PROBLEM STATEMENT:
Output exactly, and only, the lines below from the one with "باسم عمادة كلية" down to the one with "調理師さんがミキサーにバナナ、みかん、牛乳をいれる". Include both end lines and no pictures.

[RECORDS PROVIDED Boundary: Start]

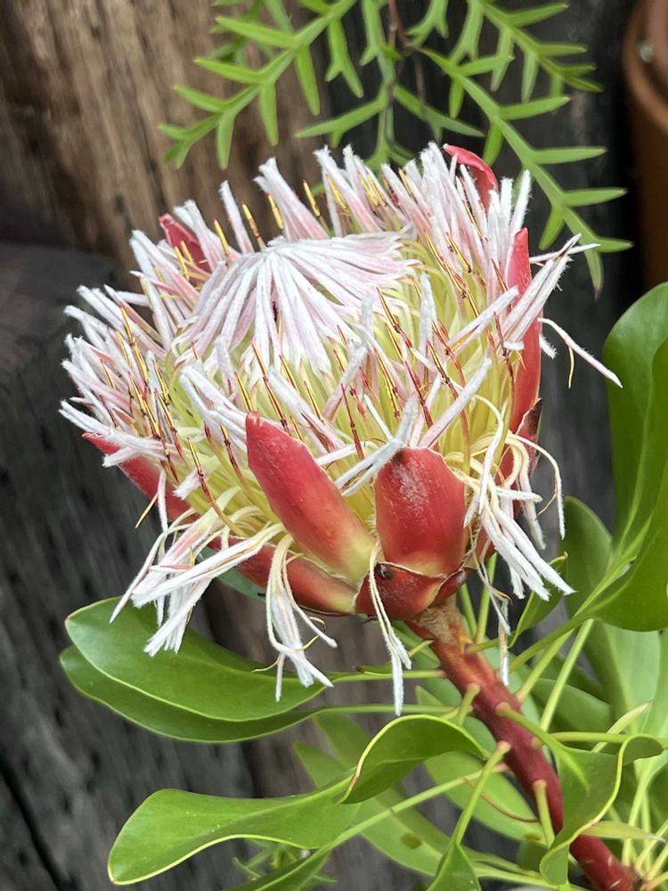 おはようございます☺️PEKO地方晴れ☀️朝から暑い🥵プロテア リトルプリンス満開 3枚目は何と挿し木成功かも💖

[RECORDS PROVIDED Boundary: End]
[RECORDS PROVIDED Boundary: Start]

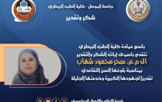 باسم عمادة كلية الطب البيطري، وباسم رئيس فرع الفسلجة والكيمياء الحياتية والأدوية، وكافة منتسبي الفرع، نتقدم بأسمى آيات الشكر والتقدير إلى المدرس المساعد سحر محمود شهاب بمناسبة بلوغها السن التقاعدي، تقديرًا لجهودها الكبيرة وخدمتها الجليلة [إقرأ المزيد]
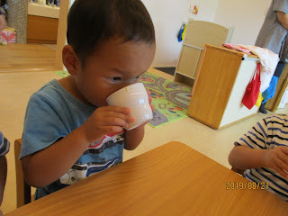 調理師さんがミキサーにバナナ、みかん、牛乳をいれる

[RECORDS PROVIDED Boundary: End]

EXPECTED ANSWER:
 باسم عمادة كلية الطب البيطري، وباسم رئيس فرع الفسلجة والكيمياء الحياتية والأدوية، وكافة منتسبي الفرع، نتقدم بأسمى آيات الشكر والتقدير إلى المدرس المساعد سحر محمود شهاب بمناسبة بلوغها السن التقاعدي، تقديرًا لجهودها الكبيرة وخدمتها الجليلة [إقرأ المزيد]
 調理師さんがミキサーにバナナ、みかん、牛乳をいれる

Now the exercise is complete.